(Supplied material begins)
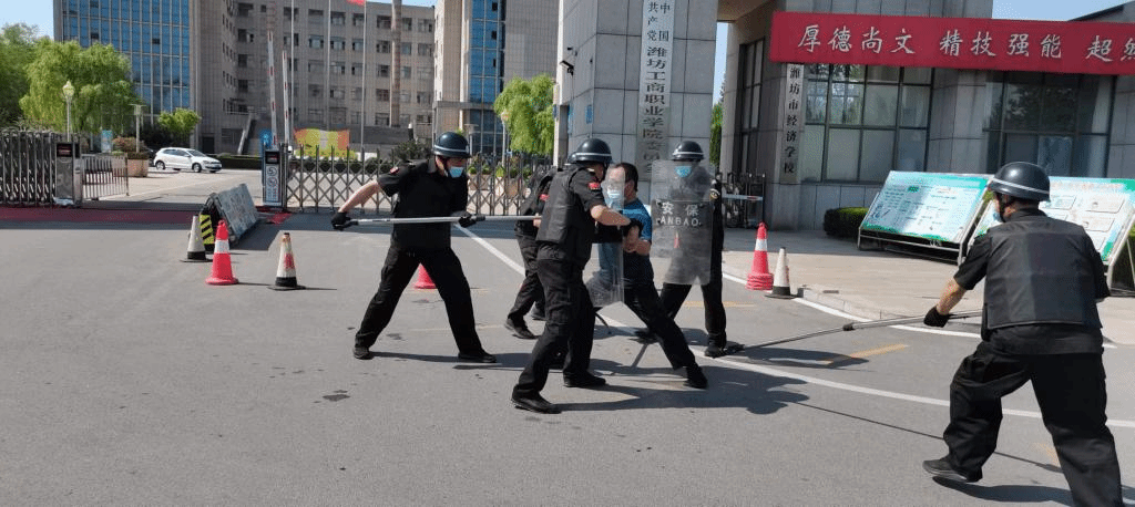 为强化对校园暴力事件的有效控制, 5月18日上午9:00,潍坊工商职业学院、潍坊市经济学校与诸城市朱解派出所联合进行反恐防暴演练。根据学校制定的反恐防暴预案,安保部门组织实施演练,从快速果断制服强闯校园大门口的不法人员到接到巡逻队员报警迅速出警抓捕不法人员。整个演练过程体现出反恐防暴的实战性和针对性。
(Supplied material ends)
(Supplied material begins)
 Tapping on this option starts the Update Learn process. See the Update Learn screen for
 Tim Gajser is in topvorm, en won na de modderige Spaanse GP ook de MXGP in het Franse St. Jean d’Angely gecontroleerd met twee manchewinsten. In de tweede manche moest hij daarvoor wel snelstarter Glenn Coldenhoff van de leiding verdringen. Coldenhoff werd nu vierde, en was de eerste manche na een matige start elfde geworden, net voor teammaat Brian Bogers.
(Supplied material ends)
(Supplied material begins)
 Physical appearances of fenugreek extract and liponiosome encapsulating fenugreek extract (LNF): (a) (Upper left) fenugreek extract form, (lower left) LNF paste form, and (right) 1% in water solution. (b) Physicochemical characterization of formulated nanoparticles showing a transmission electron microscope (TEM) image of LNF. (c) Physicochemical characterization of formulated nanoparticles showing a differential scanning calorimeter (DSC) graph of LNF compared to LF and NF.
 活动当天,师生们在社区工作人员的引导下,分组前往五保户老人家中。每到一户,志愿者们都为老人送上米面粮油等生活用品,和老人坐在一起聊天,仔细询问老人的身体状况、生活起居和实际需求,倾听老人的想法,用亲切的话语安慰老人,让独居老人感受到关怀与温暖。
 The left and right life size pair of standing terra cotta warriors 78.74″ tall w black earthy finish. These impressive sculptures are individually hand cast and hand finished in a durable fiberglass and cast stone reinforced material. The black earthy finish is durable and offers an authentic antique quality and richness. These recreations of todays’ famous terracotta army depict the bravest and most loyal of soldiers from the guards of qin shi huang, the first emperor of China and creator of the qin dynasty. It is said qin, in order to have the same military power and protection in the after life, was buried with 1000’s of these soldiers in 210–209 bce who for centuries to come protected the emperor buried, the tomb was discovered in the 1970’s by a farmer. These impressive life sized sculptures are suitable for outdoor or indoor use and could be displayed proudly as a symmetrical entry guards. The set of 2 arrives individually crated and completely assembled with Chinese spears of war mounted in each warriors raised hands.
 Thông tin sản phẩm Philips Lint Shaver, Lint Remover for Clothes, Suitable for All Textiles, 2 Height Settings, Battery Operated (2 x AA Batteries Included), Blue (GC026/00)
(Supplied material ends)
Your objective:
What do the lines above say from the one containing "The left and" down to the one containing "Thông tin sản"? Return them exactly, both end lines included, and only them.

Result of this task:
 The left and right life size pair of standing terra cotta warriors 78.74″ tall w black earthy finish. These impressive sculptures are individually hand cast and hand finished in a durable fiberglass and cast stone reinforced material. The black earthy finish is durable and offers an authentic antique quality and richness. These recreations of todays’ famous terracotta army depict the bravest and most loyal of soldiers from the guards of qin shi huang, the first emperor of China and creator of the qin dynasty. It is said qin, in order to have the same military power and protection in the after life, was buried with 1000’s of these soldiers in 210–209 bce who for centuries to come protected the emperor buried, the tomb was discovered in the 1970’s by a farmer. These impressive life sized sculptures are suitable for outdoor or indoor use and could be displayed proudly as a symmetrical entry guards. The set of 2 arrives individually crated and completely assembled with Chinese spears of war mounted in each warriors raised hands.
 Thông tin sản phẩm Philips Lint Shaver, Lint Remover for Clothes, Suitable for All Textiles, 2 Height Settings, Battery Operated (2 x AA Batteries Included), Blue (GC026/00)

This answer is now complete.